I have an HTML page containing alot of meta tags and I want to parse them to find certain ones. Here is the code I am using, but it's not picking up any of the tags.
$dom = new DOMDocument();
$dom->preserveWhiteSpace = false;
$dom->loadHtml($contents);
$metaChildren = $dom->getElementsByTagName('meta');
var_dump($metaChildren);
Here is a snippet of the HTML I am using (I replaced the arrow with a brace):
[meta name="GZPlatform" content=" pc"]
[meta name="GZFeatured" content=" Gone Gold"]
[meta name="GZHeadline" content=" pc"]
[meta name="GZP_ID" content=" pc 21153"]
Any Ideas?
Are you sure the tags aren't being matched? What is the output of var_dump
? What value do you get when you use var_dump($metaChildren->length)

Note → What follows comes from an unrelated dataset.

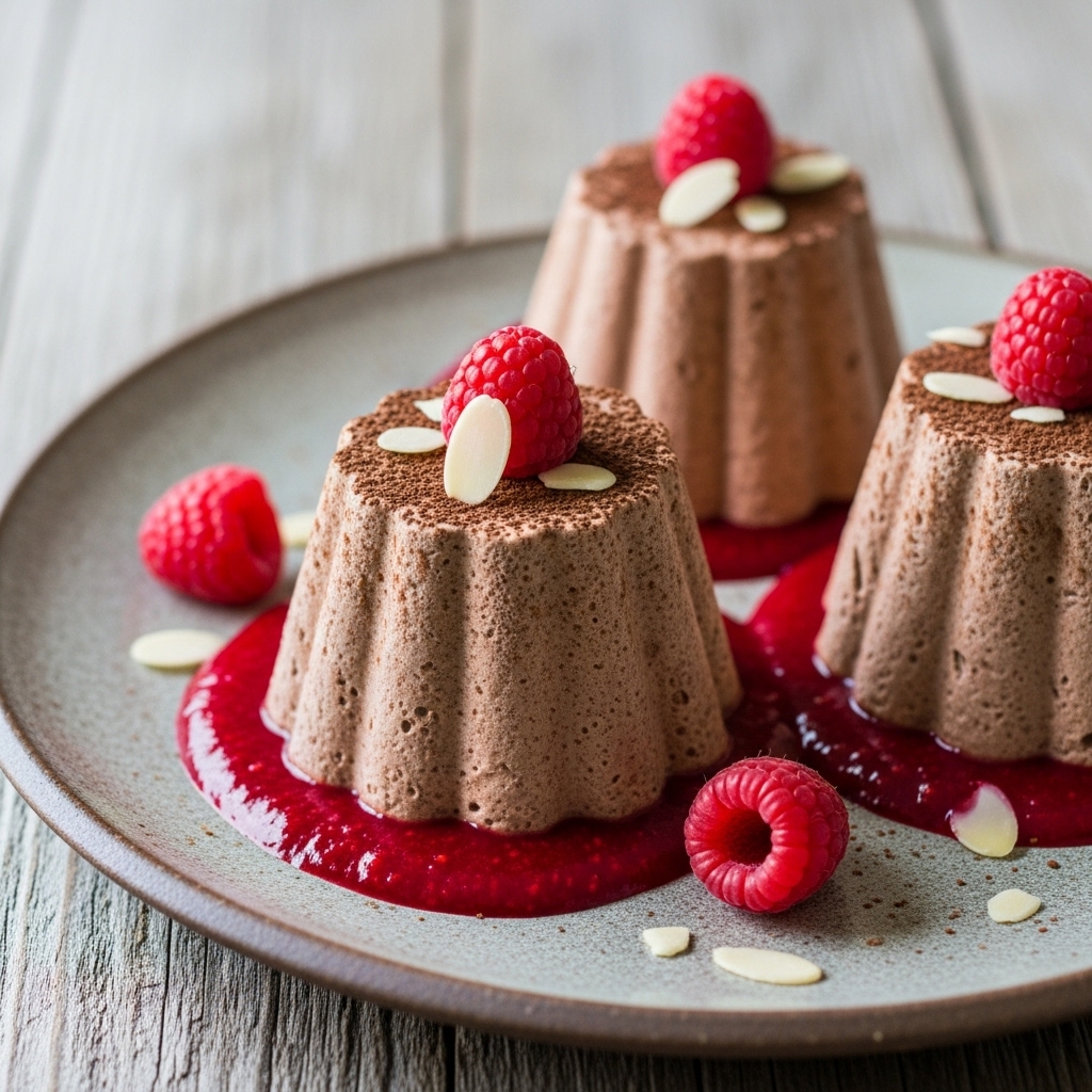 IntermediateAlmond-Chocolate Frozen Mousse Towers with Raspberry CoulisCookJunkieItalianDessertDairy Free
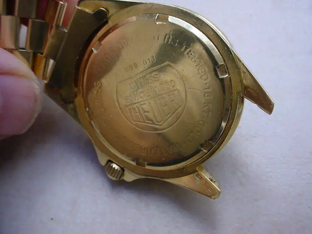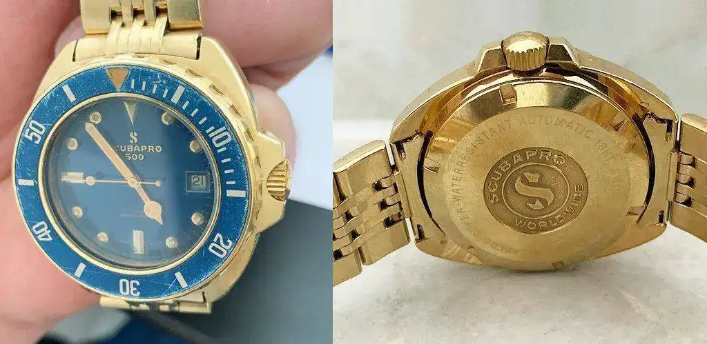 Dejamos ahora el oro macizo, para centrarnos en los “Gold filled” o “Chapados en oro” y “Gold plate”, que si bien ahora son sinónimo de algo barato incluso pobre, hace años eran trabajos muy costosos y cotizados, donde incluso los relojes incluían el punzón o marca del especialista que había realizado el recubrimiento. De hecho esos recubrimientos de calidad, con espesor de hasta 20 micras, resisten perfectamente el paso del tiempo como vamos a poder apreciar. No debemos confundir estos “chapados” con los baratos “bañados en oro”, donde la capa apenas alcanza media micra y su deterioro es rápido. Por eso algunas firmas se atrevieron a emplearlo en relojes deportivos como los “diver”, aunque no es lo ideal sobretodo por el cloro de las piscinas o la sal del mar que afecta más al recubrimiento.

? Your code seems to work here:
<?
$dom = new DOMDocument();
$dom->preserveWhiteSpace = false;
$dom->loadHtmlFile('test.html');
$metaChildren = $dom->getElementsByTagName('meta');
for ($i = 0; $i < $metaChildren->length; $i++) {
$el = $metaChildren->item($i);
print $el->getAttribute('name') . '=' . $el->getAttribute('content') . "\n";
}
?>
Gives output:
GZPlatform= pc
GZFeatured= Gone Gold
GZHeadline= pc
GZP_ID= pc 21153
My guess would be that the HTML is not valid and that the $dom->loadHtml
call is failing. I believe that call returns true|false. So maybe something like this:
if($dom->loadHtml($contents)){
$metaChildren = $dom->getElementsByTagName('meta');
}else{
//handle properly
}
COuld it be that the parser expects you to close the meta tags?
<meta name="name" />
or
<meta name="name"></meta>